> Your instructions
Transcribe exactly, and only, the lines that fall between the line containing "Описание ширмы Лаванда" and the last line of the material, both ends included, omitting any pictures.

(Task data)

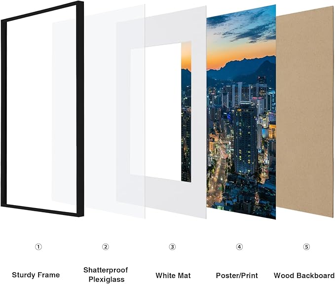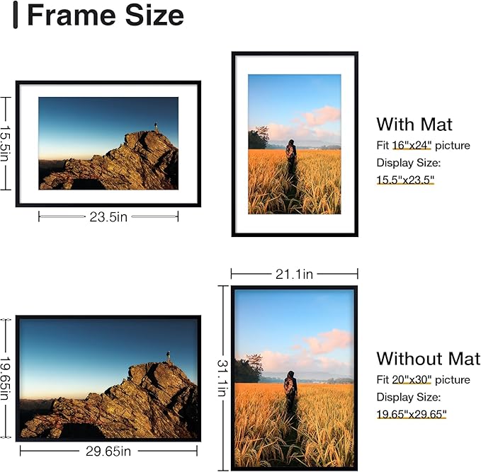 - Versatile Size Options: The frame set includes 3 removable white 16x24 inch mats for 16x24 posters and can fit 20x30 inch pictures without the mat, catering to different picture dimensions
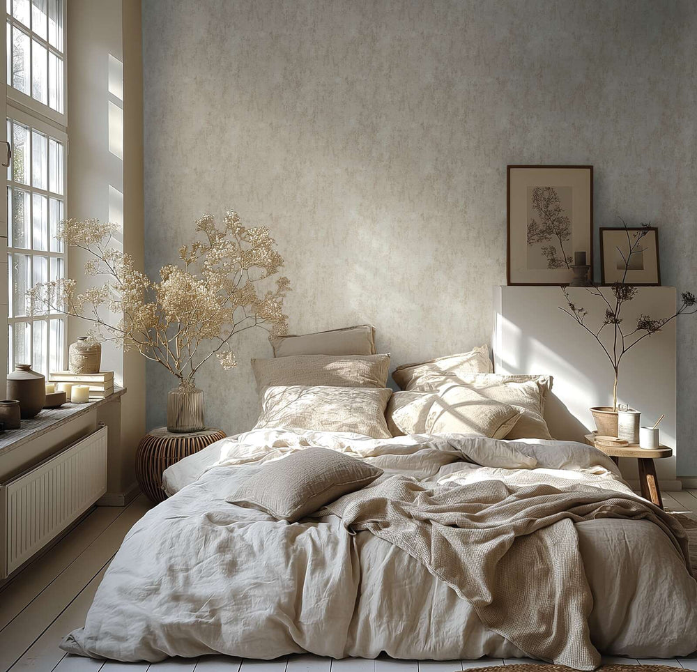 Yksivärinen tapetti luonnonmukaisella stukki-ilmeellä - beige, kermanvärinen - 2777563
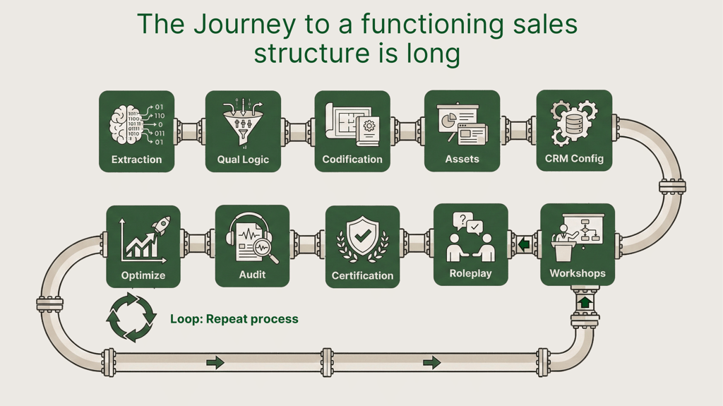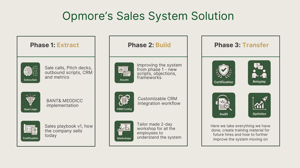 This is the step before building or transferring anything. We extract how your sales system operates today so it can be improved, scaled, or delegated safely.
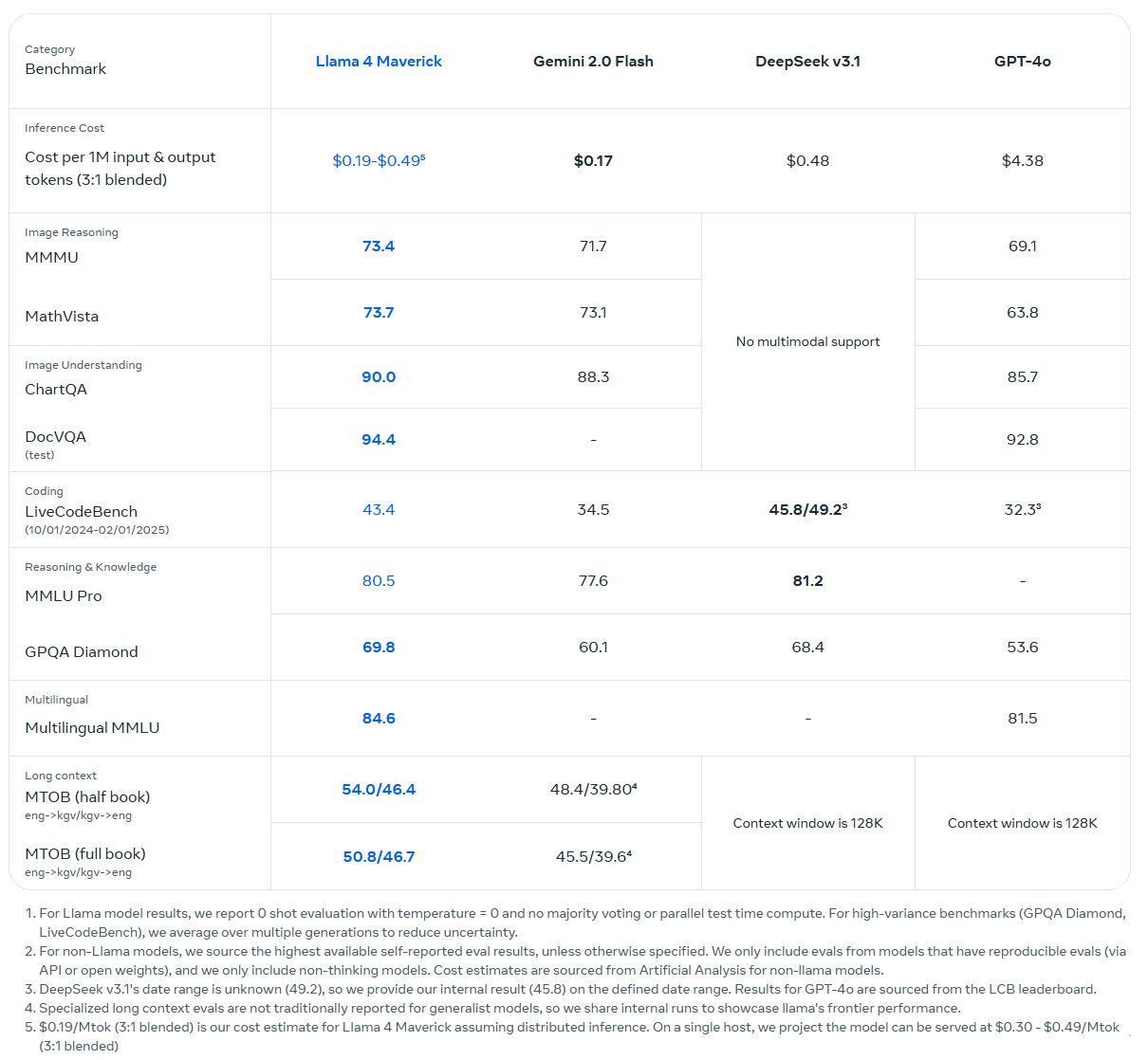 Laut Meta schlägt es OpenAIs GPT-4o und Googles Gemini 2.0 Flash in verschiedenen Benchmarks und erreicht ähnliche Ergebnisse wie DeepSeek v3 bei Reasoning und Coding - mit weniger als der Hälfte der aktiven Parameter. In der experimentellen Chatversion erreicht Maverick 1417 Punkte in der LMArena ELO Rangliste.
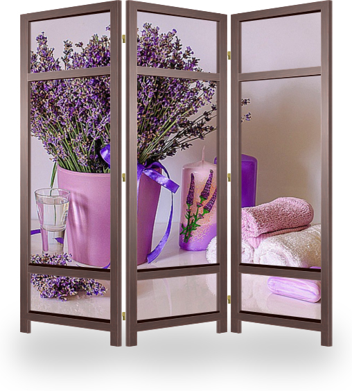 Описание ширмы Лаванда и лавандовое масло-излюбленные косметологические средства. Этот натюрморт в стиле Прованс предназначен для спа-салонов,косметических кабинетов ,ванных комнат.
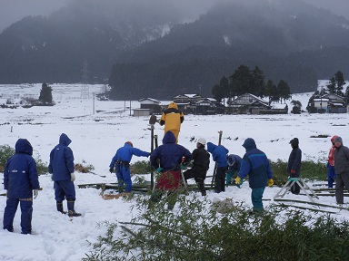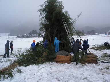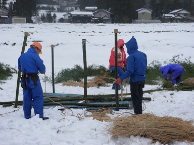 ![]() 最後の竹を立て、周りを縄でぐるぐる締めます。 |
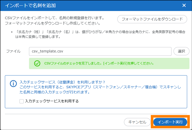 | インポートで名刺を追加 | 参照 |
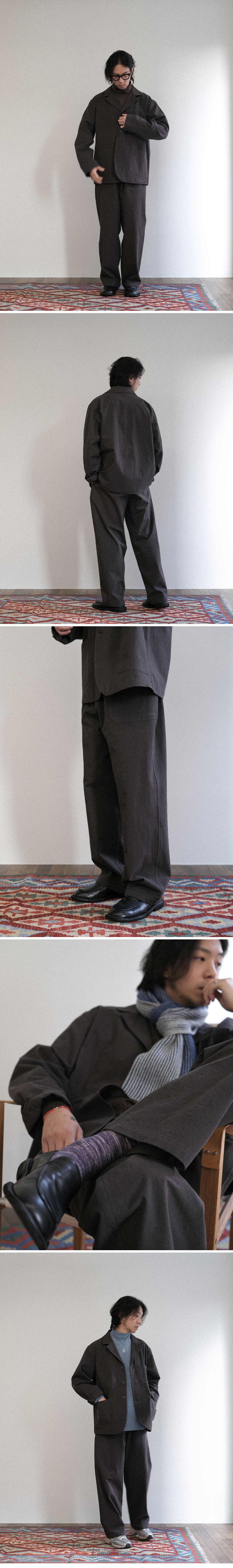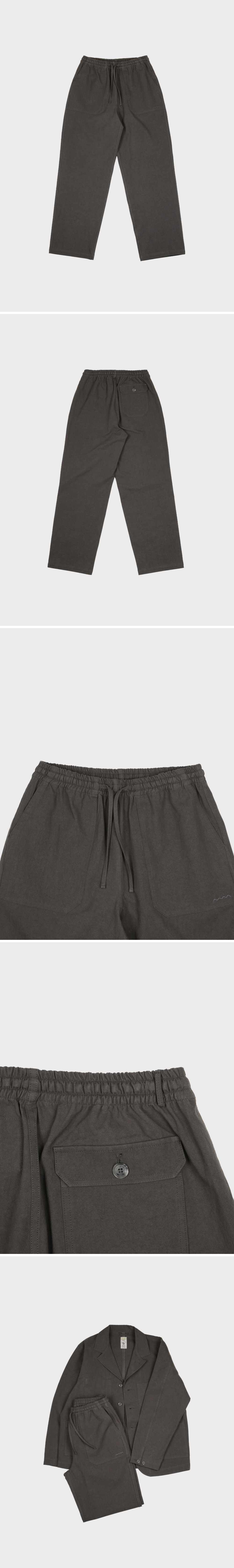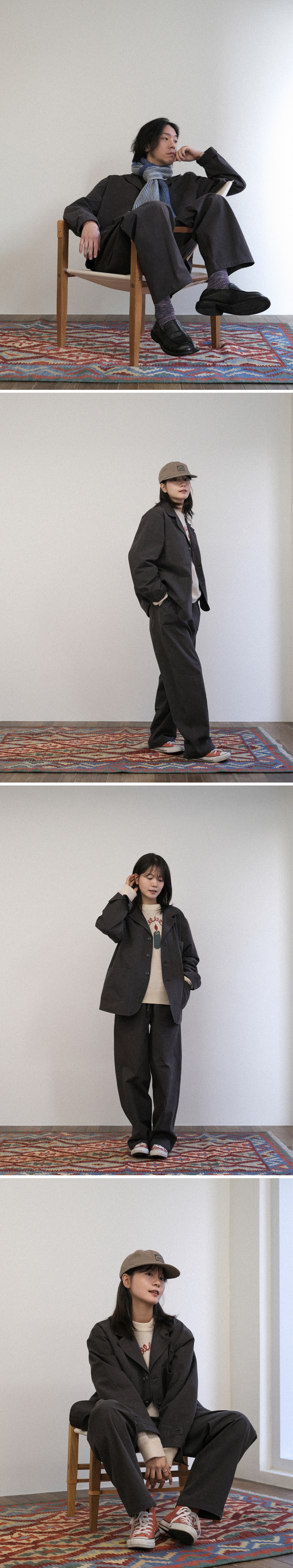- 일상과 격식 있는 자리 모두 자연스럽게 어울리는 셋업 팬츠 - 매트하고 탄탄한 면 원단에 바틱 염색으로 완성한 내추럴, 빈티지 무드 - 40수 두께감으로 다양한 계절에 착용 가능 - 포멀룩부터 캐주얼룩까지 자연스럽게 어우러지는 실루엣 - 편안한 착용감을 위한 허리 전체 밴딩 구조 - 앞포켓 시그니처 로고 자수와 뒷허리 고리 디테일 편안하게, 멋스럽게. Work and Walk ! 색상 차콜 (따뜻한 브라운 톤이 느껴지는 컬러) 모델 w 162 / 43 (하의 1) m 176 / 65 (하의 3)
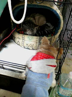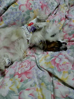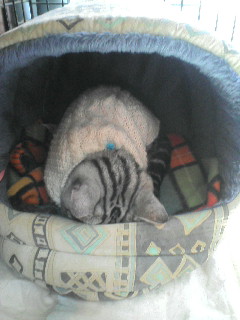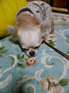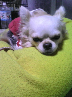 寒がりのスケぞうは、うずくまって暖をとってます。ランに比べると薄毛のスケぞうには厳しい季節がやって来ました。
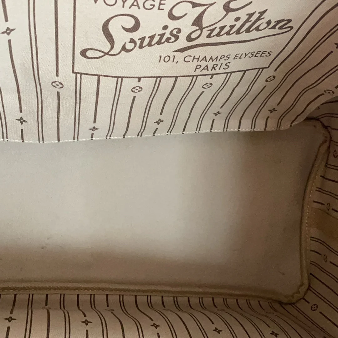 This spacious and recognisable Louis Vuitton design is the Neverfull GM Tote Bag. It is made from the brand's trademark brown monogrammed canvas and features gold-tone hardware and natural cowhide leather trim. It was produced in 2014 and features slim leather handles, a roomy, open interior, and a detachable pouch for added functionality. Perfect for everyday wear, travel, or work, it can be worn on the shoulder for a more relaxed look or by hand for a more elegant look. Because it's elegant, practical, and timeless, Louis Vuitton's Neverfull GM remains one of their most sought-after and collectible designs.

(End Task data)

> Response for this exercise
 Описание ширмы Лаванда и лавандовое масло-излюбленные косметологические средства. Этот натюрморт в стиле Прованс предназначен для спа-салонов,косметических кабинетов ,ванных комнат.
 ![]() 最後の竹を立て、周りを縄でぐるぐる締めます。 |
 | インポートで名刺を追加 | 参照 |
- 일상과 격식 있는 자리 모두 자연스럽게 어울리는 셋업 팬츠 - 매트하고 탄탄한 면 원단에 바틱 염색으로 완성한 내추럴, 빈티지 무드 - 40수 두께감으로 다양한 계절에 착용 가능 - 포멀룩부터 캐주얼룩까지 자연스럽게 어우러지는 실루엣 - 편안한 착용감을 위한 허리 전체 밴딩 구조 - 앞포켓 시그니처 로고 자수와 뒷허리 고리 디테일 편안하게, 멋스럽게. Work and Walk ! 색상 차콜 (따뜻한 브라운 톤이 느껴지는 컬러) 모델 w 162 / 43 (하의 1) m 176 / 65 (하의 3)
 寒がりのスケぞうは、うずくまって暖をとってます。ランに比べると薄毛のスケぞうには厳しい季節がやって来ました。
 This spacious and recognisable Louis Vuitton design is the Neverfull GM Tote Bag. It is made from the brand's trademark brown monogrammed canvas and features gold-tone hardware and natural cowhide leather trim. It was produced in 2014 and features slim leather handles, a roomy, open interior, and a detachable pouch for added functionality. Perfect for everyday wear, travel, or work, it can be worn on the shoulder for a more relaxed look or by hand for a more elegant look. Because it's elegant, practical, and timeless, Louis Vuitton's Neverfull GM remains one of their most sought-after and collectible designs.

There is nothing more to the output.